Brussels – where decisions are made affecting day-to-day life in Ireland

With over 60% of Irish laws originating in Brussels, I joined a delegation of Irish journalists in Brussels to learn the thoughts of our newly elected Irish MEPs in Brussels.

Representing over 375 million voters, there are over 750 elected MEPs from all over Europe working within the EU Parliament. It might appear from the outside that the chances of getting anything done are next to near impossible in a body of that size. However, the real engine of the European Parliament lies within the 20 policy committees associated with the European Parliament.

Newly-elected Deirdre Clune, Fine Gael explained: “Committees are all important here, and all the work is done in committees.”

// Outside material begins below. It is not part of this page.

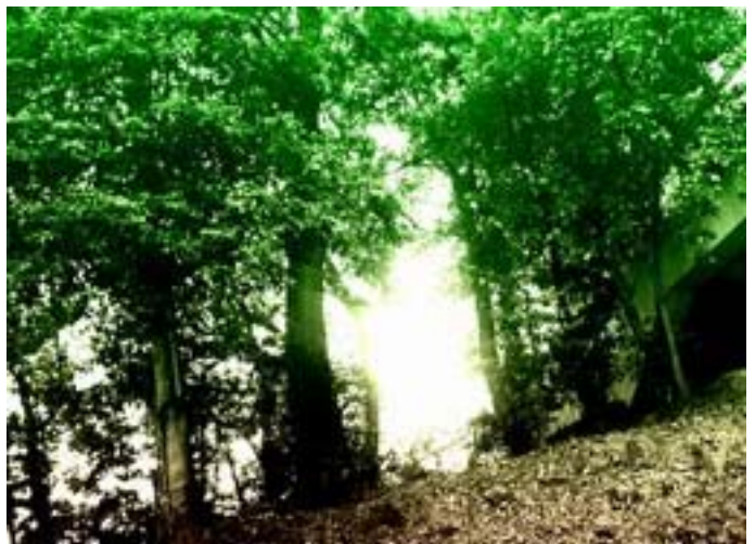
第9図 第一固有値を0.1倍にしたカラー結果

Key committees of interested to Irish farmers include:

  • Committee on Agriculture and Rural Development, which holds responsibility for the operation and development of the Common Agricultural Policy (CAP). Irish members of this committee include, Matt Carty, Sinn Fein, Luke ‘Ming’ Flanagan, Independent, and Mairead McGuinness, Fine Gael; and,
  • Committee on Environment, Public Health, and Food Safety, which holds responsibility for environmental policy, programmes in the field of public health, and food safety, including food labelling, veterinary legislation, and the European Food Safety Authority. The Irish MEPs involved in this committee are Nessa Childers, Independent, Lynn Boylan, Sinn Fein, Luke ‘Ming’ Flanagan, Independent, and Mairead McGuinness, Fine Gael.

However, the involvement of MEPs in rural matters outside of these select committees is also evident. For example, Marian Harkin is very much involved with constituent concerns relating to the building of 180 meter tall wind turbines across the midlands. Marian is campaigning for greater set-back distances of these structures from residential dwellings. She also highlighted the fact that wind-turbines constructed in Ireland are regulated with an acceptable noise level of 45 decibels, whereas limits of less than 35 decibels are the norm in Denmark, Germany, USA and Canada. From a noise perspective this is a significant difference.

Likewise, as a member of the Transport and Tourism, Deirdre Clune is focused on securing funding for port infrastructure vital to the service of our export oriented industries.

It is evident from meeting with our European representatives that they do, (for the most part), communicate and collaborate with fellow Irish MEP’s to build consensus on key initiatives for the benefit of the Irish electorate. That said, differences of opinion exist, the LEADER programme being a good example.

Fine Gael highlights the benefits of rolling LEADER into broader countywide structures that also incorporate local enterprise boards and Enterprise Ireland expertise. It is felt that this reorganisation of LEADER funding will also bring greater transparency to include;

  • An open and fair tendering process, ensuring greater competition and value; and,
  • Places oversight of the program in the hands of elected officials, thereby giving citizens a greater say in how the programme is managed.

The Sinn Fein representatives in Europe have reservations about this approach. They raise concerns that LEADER has become too bureaucratic, and fears that under the auspices of county councils funding allocation will come under the control of county managers. Luke ‘Ming’ Flanagan was even more vocal in his concerns stating that unelected county executives will really decide how monies are spent, and worries that as a consequence funding may be used to “cover up holes and balance the books”. Ming states that he is evangelical in his passion to have such funding decisions placed in the hands of local communities.